The Northwest climate is expected to reach such unfavorable conditions by late century that an estimated 21-38 current NW plant species will no longer be able to find habitat here. Subalpine forests and alpine ecosystems are projected to undergo complete conversion to other vegetation types by the 2080's.  The "evergreen" part of Washington is sure going to look different in the coming decades...

Key Message #4: Adapting Agriculture

Agricultural productivity in the Northwest will be threatened by soil erosion and water supply uncertainty.

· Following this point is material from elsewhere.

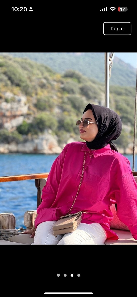 Uzun kollu, yüksek yakalı pembe tunik, salaş kesim ve drapeli ipeksi kumaş ile. Parlak görünüm ve etnik desenle modest sokak stili için uygun.

We all love our Washington apples and wine, Idaho potatoes, and whatever produce Oregon is known for, but these, among hundreds of other crops, will be threatened by the changes in water supply brought on by climate change.  According to the report, the risk of water-short years for agriculture is expected to increase to 32% by 2020 and 77% by 2080.  Needless to say, this will have a tremendous impact on the region's economy and livelihood of the farmers.

The report does note that warmer temperatures, longer growing seasons, and increased atmospheric CO2 may produce an increase in crop yields, for a time.  However, these same conditions are also ripe for outbreaks of plant diseases, pests and insects, which could wipe out any possibility of greater crop yields.

Snoqualmie Valley - Lainey Piland photo

The NCA also includes sections on response strategies to deal with climate change.  The two main strategies are mitigation (taking steps to reduce or eliminate the carbon dioxide emissions that are causing climate change in the first place), and adaptation (planning for, and adapting to, climate change consequences that are already happening and/or are unavoidable).  I won't go into detail here on the response strategies, but they can be reviewed by clicking the link above.

So there we have it.  The National Climate Assessment 2014.  Really, the overall message isn't a new one, but the way in which it is presented appears to be effective. There is still much work to be done by our government--which is known for dragging its feet on the issue of climate change-- but at least, I am thankful that the current administration is making a statement and putting this information out there and making it available to everyone.